**Extracted information:**
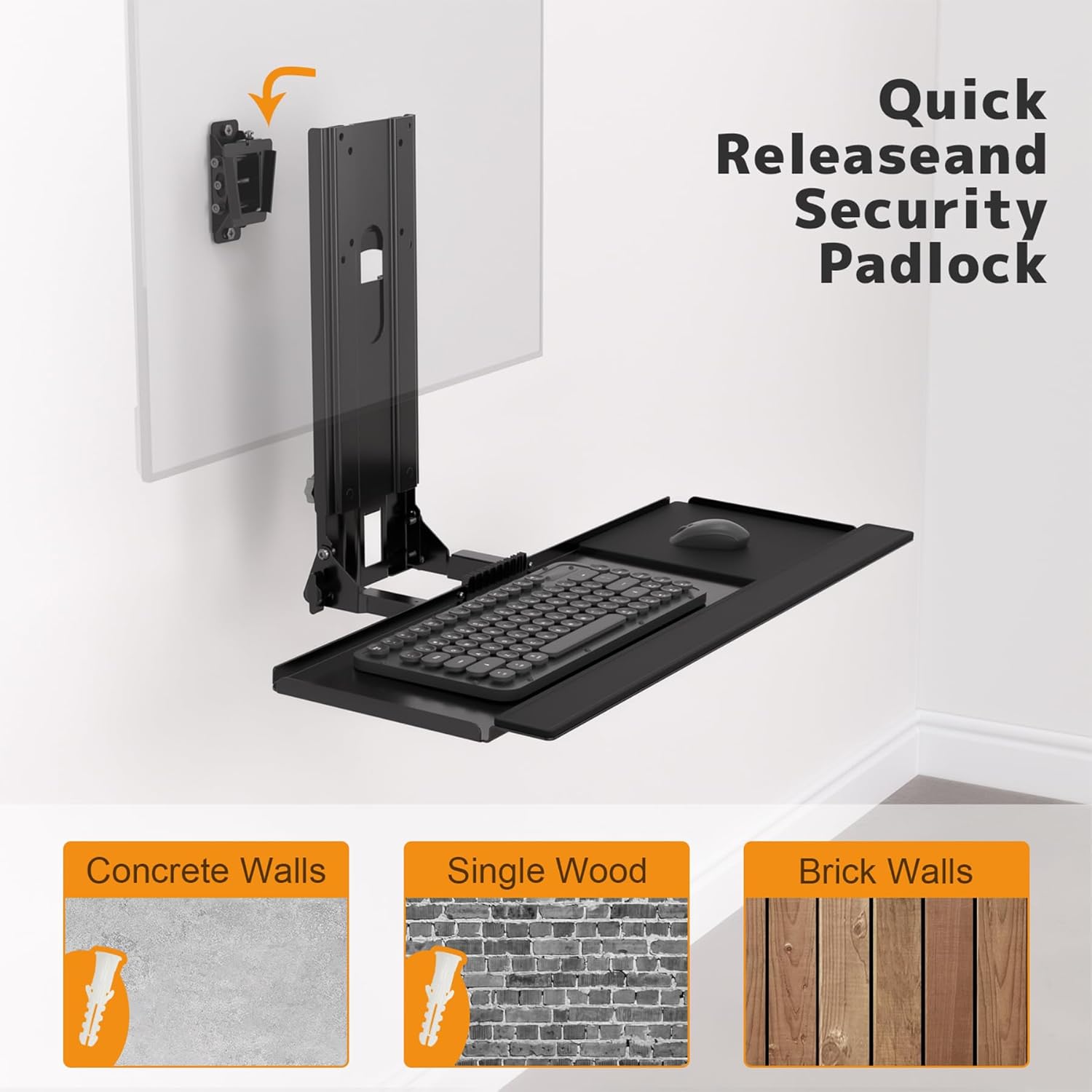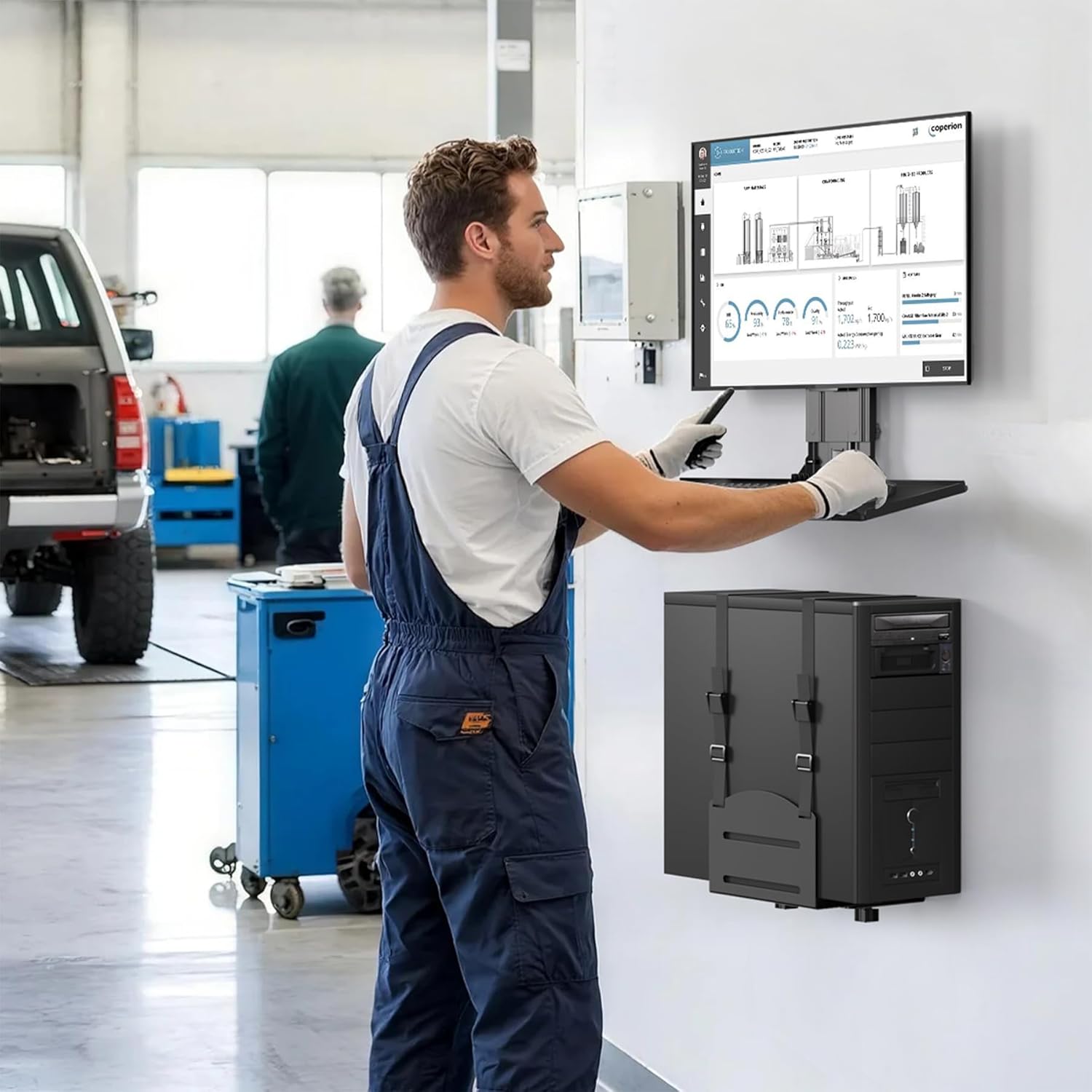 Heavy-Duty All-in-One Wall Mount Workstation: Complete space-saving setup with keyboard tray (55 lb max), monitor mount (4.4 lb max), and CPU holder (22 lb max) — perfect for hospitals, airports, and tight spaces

---

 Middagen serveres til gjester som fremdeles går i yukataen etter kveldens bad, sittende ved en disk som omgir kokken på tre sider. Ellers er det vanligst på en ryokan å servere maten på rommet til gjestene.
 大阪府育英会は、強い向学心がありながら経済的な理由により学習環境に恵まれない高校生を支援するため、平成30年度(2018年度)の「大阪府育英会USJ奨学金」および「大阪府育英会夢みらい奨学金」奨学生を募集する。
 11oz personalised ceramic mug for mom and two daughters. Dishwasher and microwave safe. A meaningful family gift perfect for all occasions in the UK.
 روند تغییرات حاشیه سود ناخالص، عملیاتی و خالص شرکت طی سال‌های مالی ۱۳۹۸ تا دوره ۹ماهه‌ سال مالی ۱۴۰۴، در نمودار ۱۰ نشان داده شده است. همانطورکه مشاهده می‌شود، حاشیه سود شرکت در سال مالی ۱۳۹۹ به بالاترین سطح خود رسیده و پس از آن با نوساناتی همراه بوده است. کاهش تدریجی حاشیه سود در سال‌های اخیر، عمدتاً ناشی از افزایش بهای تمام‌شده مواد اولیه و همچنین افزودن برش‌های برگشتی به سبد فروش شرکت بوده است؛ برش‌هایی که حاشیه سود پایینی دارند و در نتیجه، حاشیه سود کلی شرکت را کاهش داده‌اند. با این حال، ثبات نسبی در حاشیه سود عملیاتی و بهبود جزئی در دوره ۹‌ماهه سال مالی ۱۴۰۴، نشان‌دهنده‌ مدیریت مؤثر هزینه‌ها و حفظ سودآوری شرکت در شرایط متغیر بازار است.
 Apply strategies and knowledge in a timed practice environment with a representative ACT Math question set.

**Exercise:**
Print exactly the lines of the listing above starting at the line containing "11oz personalised ceramic" and ending at the line containing "Apply strategies and", both included.

**Exercise result:**
 11oz personalised ceramic mug for mom and two daughters. Dishwasher and microwave safe. A meaningful family gift perfect for all occasions in the UK.
 روند تغییرات حاشیه سود ناخالص، عملیاتی و خالص شرکت طی سال‌های مالی ۱۳۹۸ تا دوره ۹ماهه‌ سال مالی ۱۴۰۴، در نمودار ۱۰ نشان داده شده است. همانطورکه مشاهده می‌شود، حاشیه سود شرکت در سال مالی ۱۳۹۹ به بالاترین سطح خود رسیده و پس از آن با نوساناتی همراه بوده است. کاهش تدریجی حاشیه سود در سال‌های اخیر، عمدتاً ناشی از افزایش بهای تمام‌شده مواد اولیه و همچنین افزودن برش‌های برگشتی به سبد فروش شرکت بوده است؛ برش‌هایی که حاشیه سود پایینی دارند و در نتیجه، حاشیه سود کلی شرکت را کاهش داده‌اند. با این حال، ثبات نسبی در حاشیه سود عملیاتی و بهبود جزئی در دوره ۹‌ماهه سال مالی ۱۴۰۴، نشان‌دهنده‌ مدیریت مؤثر هزینه‌ها و حفظ سودآوری شرکت در شرایط متغیر بازار است.
 Apply strategies and knowledge in a timed practice environment with a representative ACT Math question set.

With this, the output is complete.